- _WORK TO COMPLETE_
Where an image appears, leave it out; otherwise repeat the data exactly.

- _MATERIAL PROVIDED_
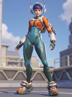 Juno from Overwatch 2 in a sleek cybernetic suit, striking a powerful yet calm pose atop a futuristic cityscape, with a cool, stoic expression. The digital art should emphasize her unique design, high-tech armor, and the atmospheric backdrop, <lora:juno_overwatch_2:1>
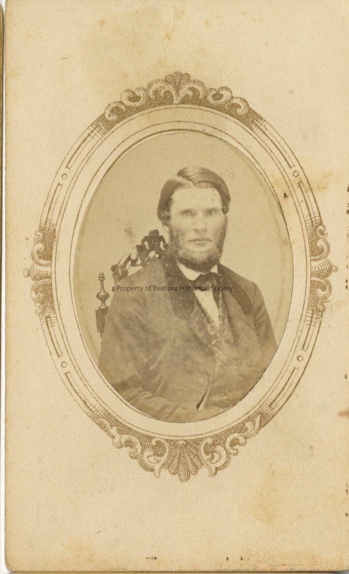 B + W photo of man with beard, matted in oval frame with decorative border surrounding photo part of Gardner/Sarles Collection
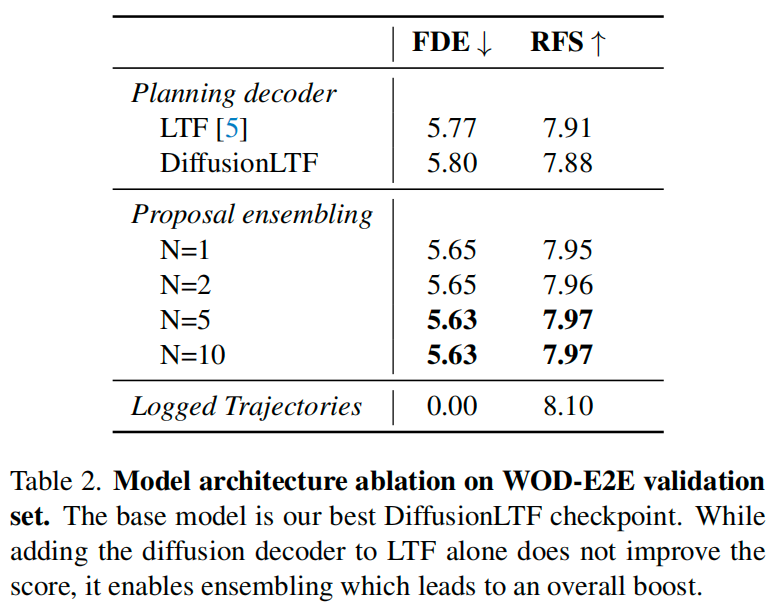 对于最终测试集提交,我们训练了 LTF 和 DiffusionLTF 的路径点解码器共享骨干网络。两种规划器的性能概览见表2。我们发现混合集成方法显著优于单个模型组件。具体来说,我们从 DiffusionLTF 中采样10个提案,这些提案可能属于不同模式并按模式分组。在每组内,我们平均轨迹并求和其对应的logits。最后,选择logit最高的模式组的平均轨迹,并再次与 LTF 的确定性规划输出进行平均,得到最终预测。

- _RESPONSE BOX_
 Juno from Overwatch 2 in a sleek cybernetic suit, striking a powerful yet calm pose atop a futuristic cityscape, with a cool, stoic expression. The digital art should emphasize her unique design, high-tech armor, and the atmospheric backdrop, <lora:juno_overwatch_2:1>
 B + W photo of man with beard, matted in oval frame with decorative border surrounding photo part of Gardner/Sarles Collection
 对于最终测试集提交,我们训练了 LTF 和 DiffusionLTF 的路径点解码器共享骨干网络。两种规划器的性能概览见表2。我们发现混合集成方法显著优于单个模型组件。具体来说,我们从 DiffusionLTF 中采样10个提案,这些提案可能属于不同模式并按模式分组。在每组内,我们平均轨迹并求和其对应的logits。最后,选择logit最高的模式组的平均轨迹,并再次与 LTF 的确定性规划输出进行平均,得到最终预测。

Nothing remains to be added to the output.